En cuanto el eco de esas palabras se desvaneció, una mujer irrumpió en la sala.
Renato frunció el ceño y le lanzó una advertencia en tono glacial:
—No hagas un escándalo frente a mi padre.
La mujer no era otra que Camila, la esposa legítima de Renato y la verdadera autora intelectual del incendio en San José.
Haciendo caso omiso a la advertencia de su marido, se acercó furiosa, con la mirada desquiciada, le arrebató una de las tazas calientes a Ernesto y se la arrojó a Víctor directo a la cara.
—¡Maldito bastardo! ¡Mientras yo viva, jamás pondrás un pie en esta familia!
—¡Ah!
—El líquido hirviendo le dio de lleno a Víctor, pero él ni se inmutó. En cambio, unas gotas salpicaron la pierna de Elisa, quien soltó un grito del susto.
Héctor miró primero a Andrés antes de levantarse para quitarle la taza a Camila.
—Camila, tranquilízate.
La familia de Carlos hizo lo mismo: primero buscaron la reacción del patriarca.
Al ver que el rostro de Andrés estaba inescrutable, supieron que la situación se había salido de control y se levantaron rápido para fingir que intentaban detener a Camila.
Marco, el quinto hermano, tenía mucha fuerza y no se anduvo con rodeos, jalándola con tanta brusquedad que por poco la tira al suelo.

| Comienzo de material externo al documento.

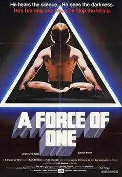 A Force of One is a 1979 American martial arts action-thriller film directed by Paul Aaron and starring Chuck Norris, with Jennifer O'Neill, Ron O'Neal, Clu Gulager, and martial artist Bill Wallace in his film debut.[5] Norris plays karate champion Matt Logan, who is hired to assist an anti-narcotics police unit, who are being targeted by a killer. The screenplay by Ernest Tidyman was based on a story co-written by martial artist Pat E. Johnson.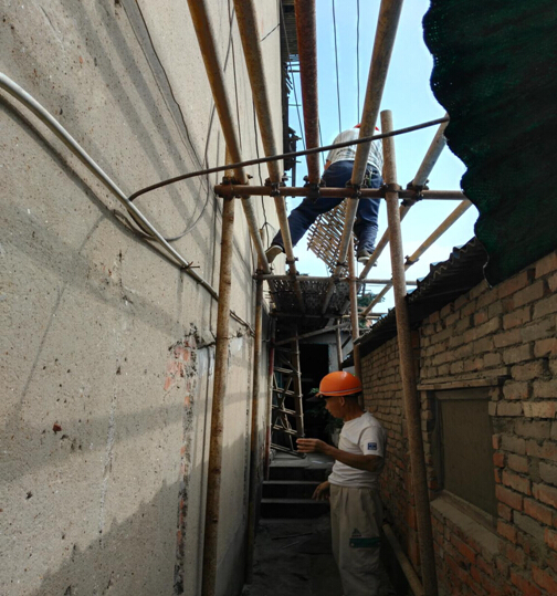 近日,公司后勤綜合服務(wù)部在對公司老舊房屋進(jìn)行日常巡查時發(fā)現(xiàn),原四分公司生活基地大禮堂山墻檐口出現(xiàn)間斷式沉降斷裂。經(jīng)檢查,此處的問題是由墻體自重及屋面木質(zhì)結(jié)構(gòu)自然腐朽所導(dǎo)致的。山墻腳即是住戶出入通道,隨時有墜落傷人的安全隱患。鑒于大禮堂層高十幾米,無法實(shí)施維修處理,我部第一時間向領(lǐng)導(dǎo)匯報后,及時拿出整頓方案,頂著烈日高溫,立即沿山墻搭建一條十幾米長的鋼管架安全通道,排除了隱患,確保居民出入平安。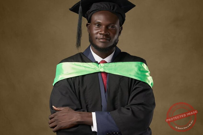Eye Radio reporter Wol Mapal pose for Photo following his graduation at the University of Juba - File photo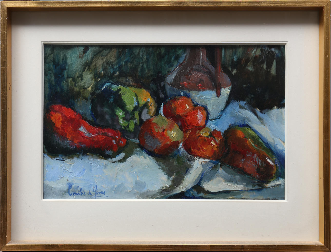 Emília de Torres's compositions focused on still lifes and floral motifs. Her style is mainly Impressionist, but with a Fauvist touch that distinguishes her from other more conventional landscape painters.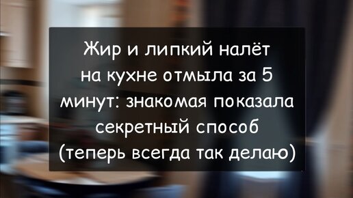 Жир и липкий налёт на кухне отмыла за 5 минут: знакомая показала секретный способ (теперь всегда так делаю)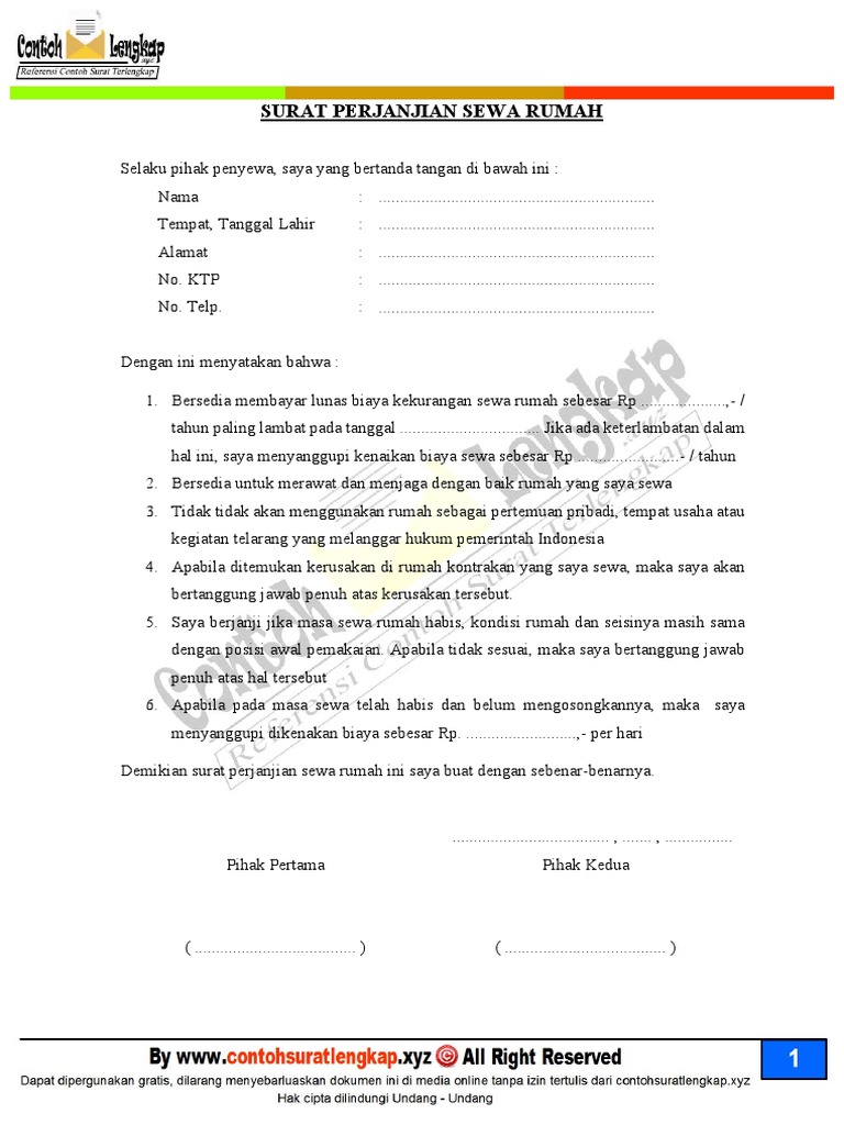 Contoh surat perjanjian kontrak rumah memiliki rumah sebagai tempat tinggal tentu harus memiliki juga surat surat sebagai bukti kepemilikian. Proses kontrak rumah harus melalui prosedur tertentu. Tuan rumah akan mengembalikan wang cagaran kepada penyewa pada hari penghujung penyewaan ini tertakluk kepada syarat syarat dimana wang cagaran boleh digunakan oleh tuan rumah bagi menjelaskan sewa rumah yang tertunggak. Untuk anda yang ingin mengontrak rumah atau malah mungkin yang mengontrakkan yg punya rumah sebaiknya gunakan contoh surat perjanjian kontrak rumah atau sewa rumah ini sebagai bagian dari kesepakatan kontrak atau sewa rumah. Identitas pihak pertama dan pihak kedua identitas lengkap termasuk nama lengkap umur pekerjaan hingga nomor ktp oleh kedua belah pihak. Rumahcom contoh surat perjanjian sewa rumah ini tentunya akan sangat berguna bagi anda baik sebagai pemilik rumah atau sebagai pengontrak.
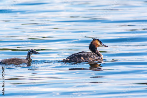 The waterfowl bird, great crested grebe with chick, swimming in the lake.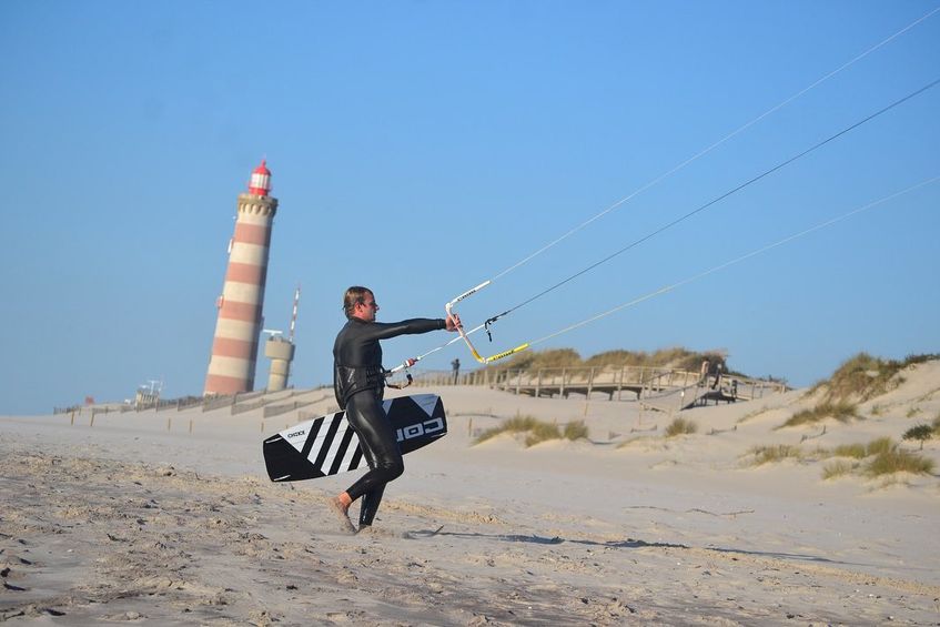 A nossa Escola de kitesurf e surf certificada internacionalmente a apenas uma hora a sul do Porto (Portugal), perto da bela cidade de Aveiro (“Pequena Veneza”) está localizada directamente numa lagoa rodeada por um belo parque e tem um porto próprio do qual dirija-se aos melhores pontos da praia ou da lagoa. Graças à grande situação do vento e do clima, estamos abertos durante todo o ano.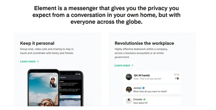 Above all, Element's developers have prioritized protection and decentralization: end-to-end encryption ensures that only approved users can see your messages, and the option of servers (including home servers) gives you more flexibility and ownership over your data.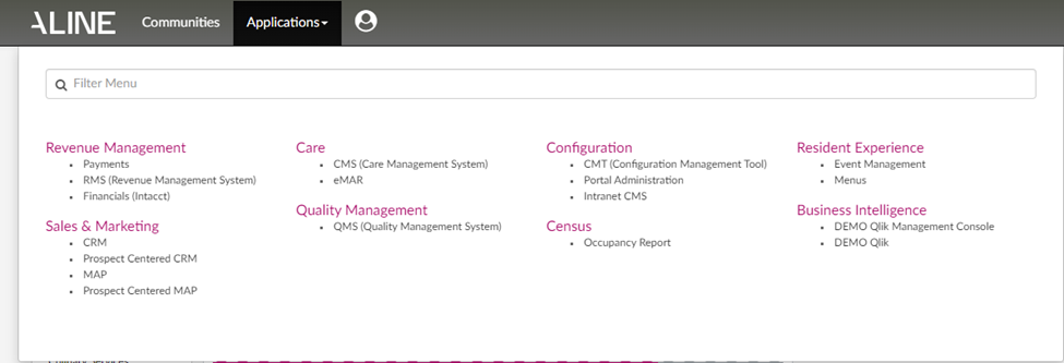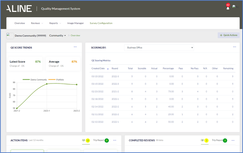 Selecting Quality from the Aline Suite Dashboard will take users to the application and the Quality Dashboard.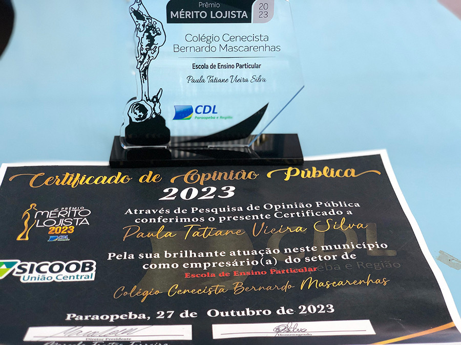 Colégio Cenecista Bernardo Mascarenhas recebe o Prêmio Mérito Lojista 2023 como referência na categoria Escola de Ensino Particular.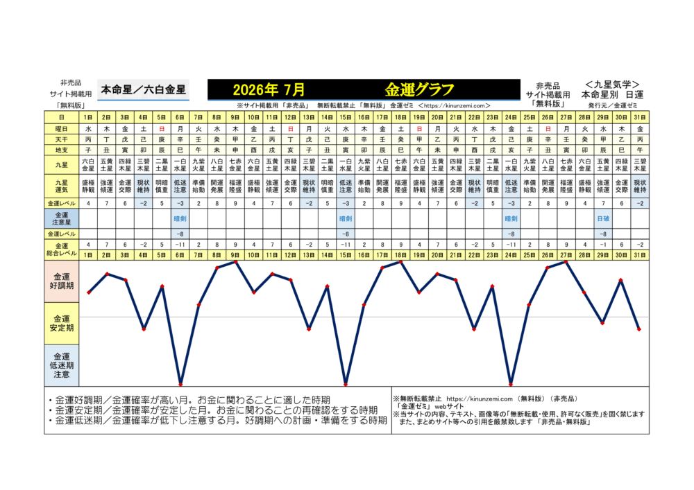 <2026年7月>毎日の金運グラフ
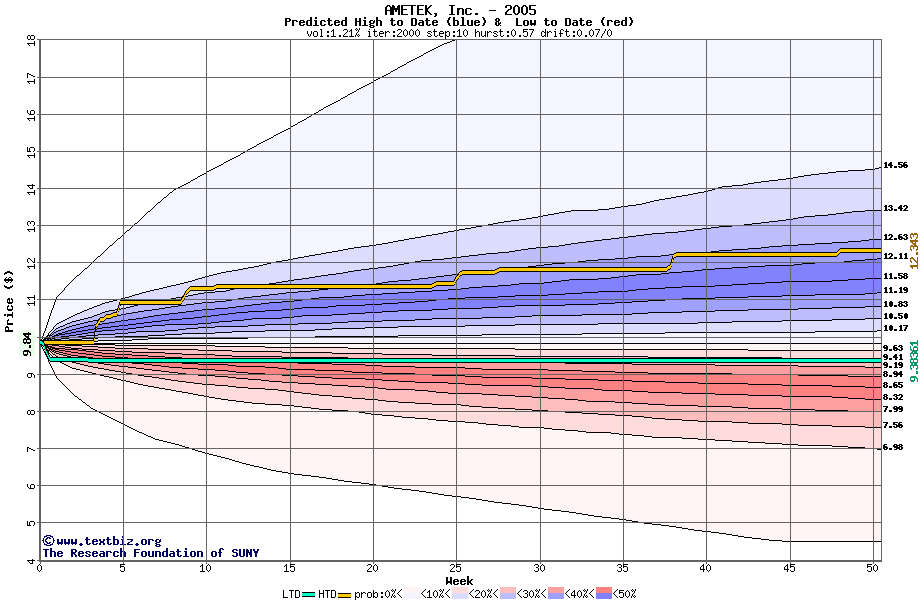 The high to date and low to date prices of the stock plotted against a random walk model for 2005 (what's this?).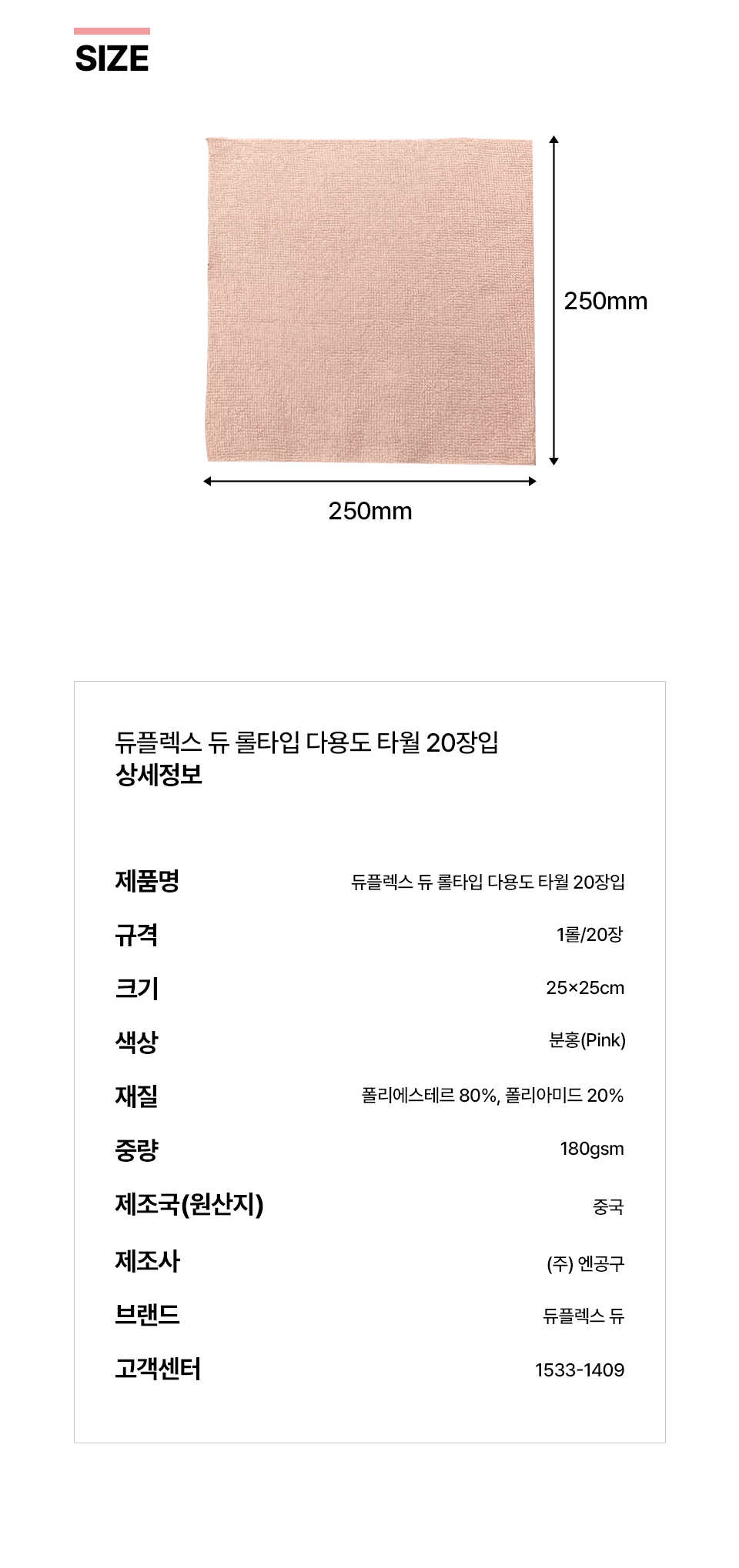 DUPLEX DIEU 듀플렉스 듀 롤타입 다용도타월 20매입 25x25cm 1개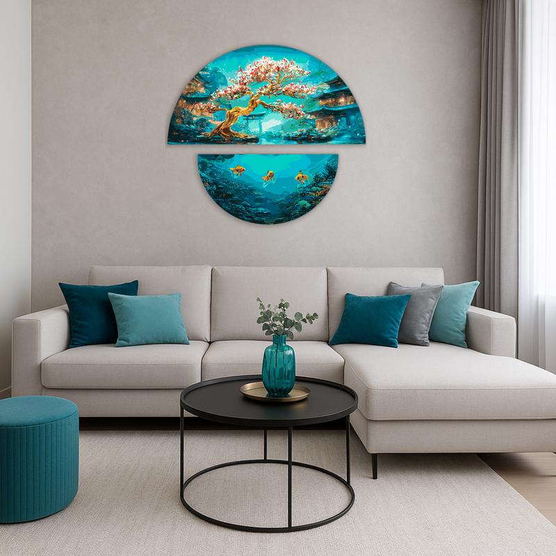 Картина по номерам пейзаж. магия двух миров с красками металлик (полукруги) 70*70 см орига...

—¡Sí, cuñada, ¿qué te pasa?! Mi papá está aquí presente, ¿a quién le quieres faltar al respeto?
Camila estaba fuera de sí y no escuchaba razones.
—¡Ah, claro! ¿Así es como la familia Castillo humilla a la gente? ¡Corren a mi hijo y ahora quieren meter a este bastardo! ¡¿A quién intentan pisotear?! ¡Suéltenme! Si hoy no me dan una explicación, juro que voy a destruir a todos, así me hunda con ustedes.
A Renato le palpitó la sien; estaba temblando del coraje.
Yolanda, sosteniendo su pan, observaba con detalle a cada uno de los presentes, buscando alguna pista en sus movimientos o miradas, pero desgraciadamente no encontró nada útil.
Luego volteó a ver a Víctor.
Desde que le echaron el líquido caliente en la cara, se había quedado quieto, mirando hacia abajo.
Tenía la oreja tan roja que parecía a punto de sangrar, y las gotas caían lentamente desde la punta de su afilada nariz.
No, no estaba completamente quieto.
Yolanda se fijó bien y notó que Víctor tenía un pie ligeramente apoyado frente al otro, en posición para levantarse.
Era obvio que se resistía a agachar la cabeza ante Camila, pero aun así, se había obligado a soportar la humillación.
Ahora que lo veía bien, su postura era impecable, como si la hubiera calculado perfectamente para darle una escena dramática al abuelo.